I tend to gravitate towards books with women protaganists and identify more with them than I do books that feature men protaganists. Give me a good strong, complicated female character any day of the week. I could talk for hours about literary women and their impact, especially when they don’t fall into what we at the GUYA like to call the “Bella mold.”
Bella mold – whiney, self-depricating, indecisive, blames herself for everything kind of character
Anywho… modern literary characters aside, some of my favorite literary characters are women who were ahead of their time, who were so shackled by the constraints of whatever period they lived in that they bucked the system. The two actresses I’ve featured here today might not have portrayed characters who bucked the system quite as hard as some of my other favorite female characters, but they did struggle to find their own places in their worlds.

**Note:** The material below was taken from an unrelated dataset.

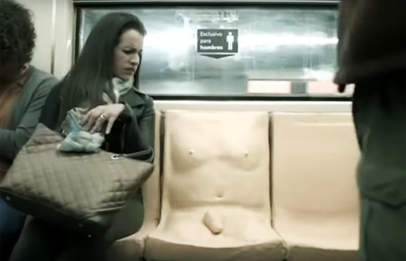 Nad krzesełkiem umieszczono dodatkowe oznaczenie – „tylko dla mężczyzn”. Na podłodze zaś informację tłumaczącą nietypowy kształt siedzenia: „To irytujące podróżować w ten sposób, ale to nic w porównaniu do przemocy seksualnej, której doświadczają kobiety każdego dnia”.
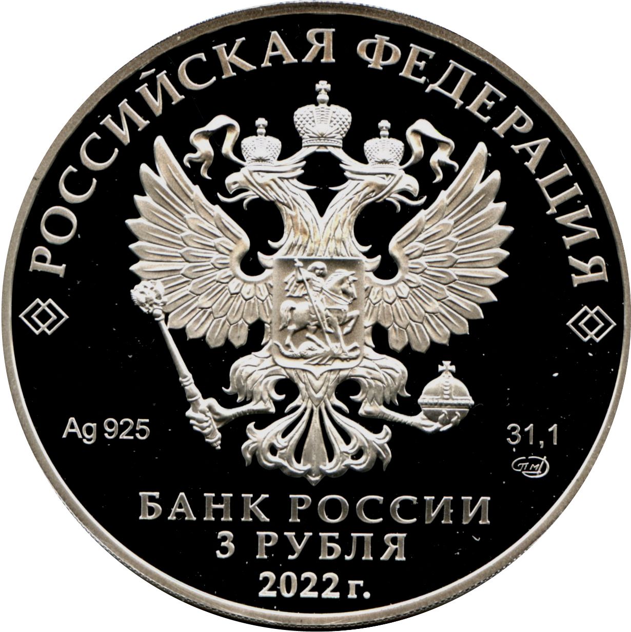 Опис: На дзеркальному полі диска зображено рельєфний герб Російської Федерації, над ним по колу розміщено напівкруглий напис «РОССИЙСКАЯ ФЕДЕРАЦИЯ» (РОСІЙСЬКА ФЕДЕРАЦІЯ), обрамлене з обох боків подвійними ромбами, нижче під гербом зліва вказано дорогоцінний метал і його пробу, а праворуч — вміст дорогоцінного металу і знак монетного двору, внизу по центру трьома рядками розміщено напис «БАНК РОССИИ» (БАНК РОСІЇ), номінал монети «3 РУБЛЯ» (3 РУБЛІ) і рік «2022 г.» (2022).

1994 Winona Ryder Best Actress Nominee Little Women based on the novel by Louisa May Alcott
This is one of my all-time favorite movies EVER and Winona Ryder will always been Jo March to me. Jo is the type of girl who longs to be a boy, who hates the thoughts of being confined to the rules that are forced upon women. As she grows into womanhood, she realizes that she has to find her own place, to develop her own mind and talents to achieve her dreams in a world where the dreams of women aren’t as easily achieved.

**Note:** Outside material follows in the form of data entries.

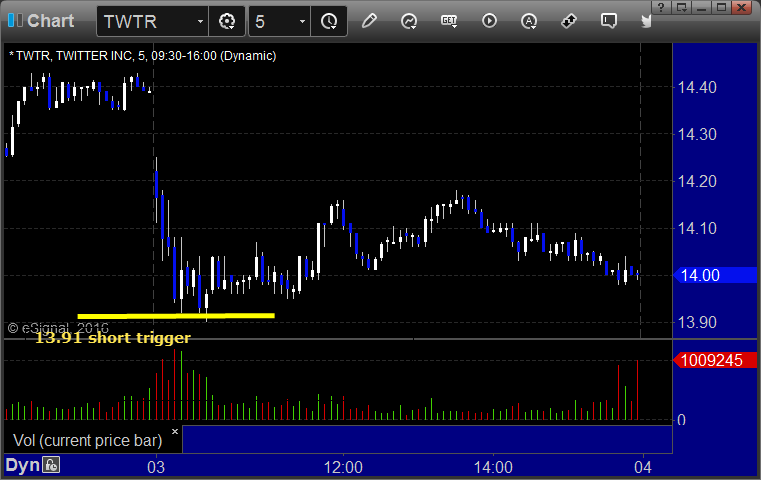 TWTR triggered long (with market support) and ended up working great (off of a Seeker buy signal on both the daily and 30 minute, which SHOULD have worked) but I gave up on it after 45 minutes of nothing happening and the market rolling:
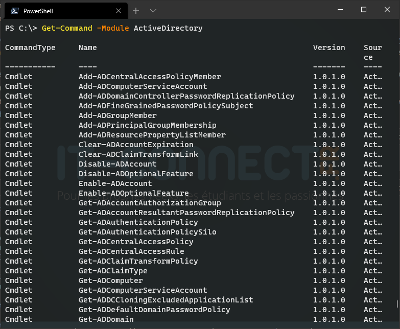 Enfin, on peut obtenir la liste de toutes les commandes d'un module spécifique. Par exemple, toutes les commandes du module Active Directory :
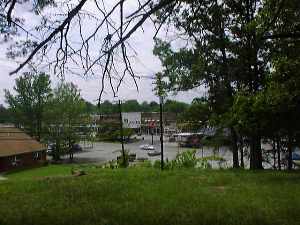 Arcadia Road is that section of road where Hwy 109 and Hwy 62 run together and runs thru part of the downtown area of Dawson Springs. This is the square. Well, not really a 'square'. There are several small businesses located in this 1 block area, and also several empty buildings. The trees on the left in the top photo are in a park that runs the length of this block that contains the Dawson Springs War Memorial.

In past adaptations of this novel, Jo has been wild, outspoken and brash – someone I haven’t been able to relate to. But Winona Ryder manages to retain this wildness of the character while showing the deep struggle she feels as she tries to find her place. She’s not as stern and rough around the edges as other actresses have portrayed the character, which I honestly prefer. I always thought of myself as a Beth, maybe a Meg, but Ryder’s performance makes me wonder if deep down I’m a Jo… struggling to escape the world I sometimes feel trapped in and pursue my dreams and become great.
Although… if Teddy looked as dreamy in the books as he did in the movie, I’ll never understand why she turned him down. Never ever.

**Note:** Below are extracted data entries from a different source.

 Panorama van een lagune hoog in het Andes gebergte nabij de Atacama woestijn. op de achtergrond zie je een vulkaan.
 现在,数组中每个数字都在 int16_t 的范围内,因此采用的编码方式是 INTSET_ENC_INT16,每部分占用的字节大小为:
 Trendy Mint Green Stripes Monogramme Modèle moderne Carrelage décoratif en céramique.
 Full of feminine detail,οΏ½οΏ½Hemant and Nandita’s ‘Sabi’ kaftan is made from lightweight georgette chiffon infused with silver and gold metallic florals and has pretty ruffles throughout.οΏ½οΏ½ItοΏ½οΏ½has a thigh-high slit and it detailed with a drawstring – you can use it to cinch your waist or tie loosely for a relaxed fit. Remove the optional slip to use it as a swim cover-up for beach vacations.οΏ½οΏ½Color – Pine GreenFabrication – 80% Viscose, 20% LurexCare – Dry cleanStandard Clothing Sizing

1939 Vivien Leigh Best Actress Gone With the Wind, based on the novel by Margaret Mitchell
What Oscars Moviebooks post would be complete without mentioning Vivien Leigh in Gone With the Wind? Love her or hate her, Scarlett O’Hara is the quintessential literary character that will, in my opinion, never be topped.
I’ve always loved Scarlett, the way she’s arrogant and naieve; how she flits around like she’s the queen of Atlanta. I love how underneath it all she’s a scared child who finds her bravery, trying to keep her world together while the war rages on around her. I love that she’s shrewd and uses her feminine wiles to get her way, whether it’s a husband or a business.
Vivien Leigh portrayed all these qualities so perfectly, so honestly. I think it could be easy to lose sight of a character’s personality, especially when it’s as complex as Scarlett’s, but Leigh manages to hold onto all the things that make Scarlett who she is. From the very beginning to the last scene she shows us Scarlett’s fear, her uncertainty, while masking it behind an air of snobbery and brattiness. Leigh portrayed a character that is easily hated, easily despised, but shows us how despite this we can still love and feel for Scarlett because we know the struggles she faces.